===== Records for the exercise =====

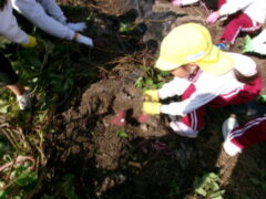 収穫後は、一人ひとりが自分たちで掘ったサツマイモをお土産として持ち帰りました。どの子も大きなお芋を手に、とても嬉しそうな表情を見せてくれました。お家では、きっと美味しい料理に変身することでしょうね。ぜひ、ご家庭でのお話も聞かせてくださいね。
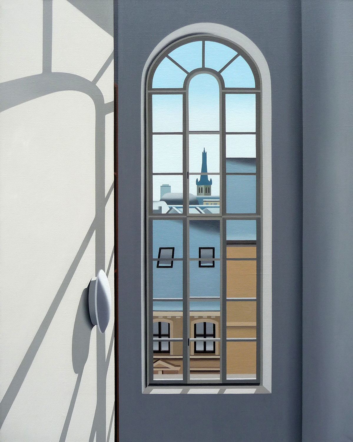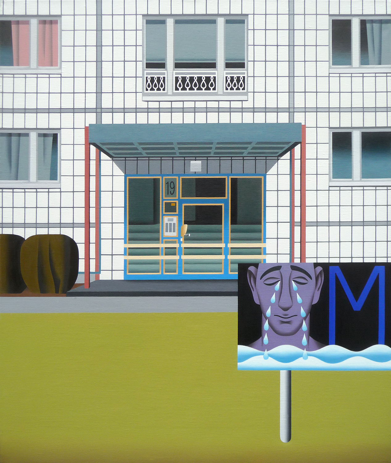Jan Schüler, Berlin: Hauseingang an der Karl-Marx-Allee, 2018, Öl auf Leinen, 120 x 100
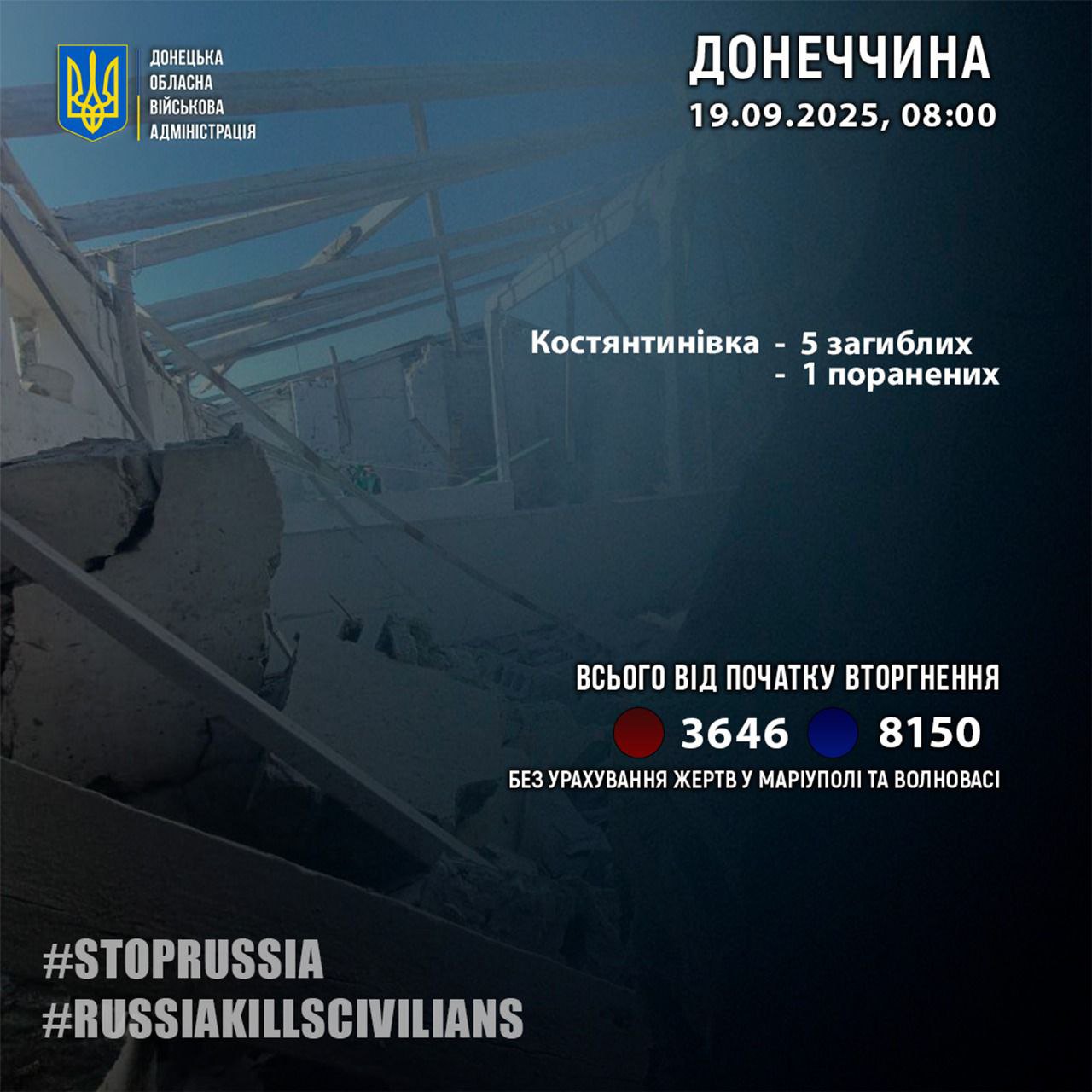 5 людей загинули у Костянтинівці. Росіяни вбили двох жінок 62 і 65 років та трьох чоловіків 65, 67 і 74 років.
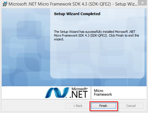After it is successfully installed in .NET Micro Framework SDK, you can see the following screen and click
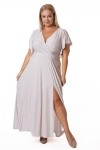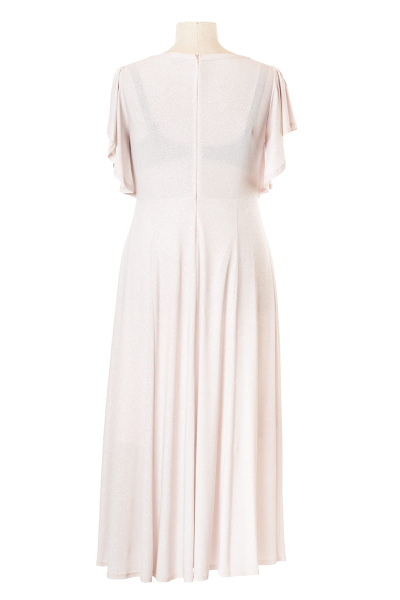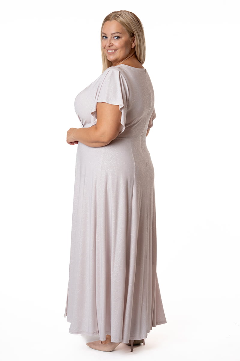 Sukienka Izabel to efektowna i wygodna zarazem kreacja na wielkie wyjście. Dopasowuje się do każdej sylwetki, ponieważ uszyliśmy ją z dzianiny pokrytej mieniącym się brokatem. Kopertowy dekolt wysmukla szyję i motylowe rękawy dodają lekkości. Dół sukienki stanowią rozszerzane ku dołowi kliny, na lewej nodze umieściliśmy rozporek. Sukienka zapinana jest z tyłu na zamek błyskawiczny, a od pasa w dodaliśmy podszewkę dla lepszego komfortu użytkowania.

=====

With the images excluded, output every record verbatim.

Reply to the task:
 収穫後は、一人ひとりが自分たちで掘ったサツマイモをお土産として持ち帰りました。どの子も大きなお芋を手に、とても嬉しそうな表情を見せてくれました。お家では、きっと美味しい料理に変身することでしょうね。ぜひ、ご家庭でのお話も聞かせてくださいね。
Jan Schüler, Berlin: Hauseingang an der Karl-Marx-Allee, 2018, Öl auf Leinen, 120 x 100
 5 людей загинули у Костянтинівці. Росіяни вбили двох жінок 62 і 65 років та трьох чоловіків 65, 67 і 74 років.
After it is successfully installed in .NET Micro Framework SDK, you can see the following screen and click
 Sukienka Izabel to efektowna i wygodna zarazem kreacja na wielkie wyjście. Dopasowuje się do każdej sylwetki, ponieważ uszyliśmy ją z dzianiny pokrytej mieniącym się brokatem. Kopertowy dekolt wysmukla szyję i motylowe rękawy dodają lekkości. Dół sukienki stanowią rozszerzane ku dołowi kliny, na lewej nodze umieściliśmy rozporek. Sukienka zapinana jest z tyłu na zamek błyskawiczny, a od pasa w dodaliśmy podszewkę dla lepszego komfortu użytkowania.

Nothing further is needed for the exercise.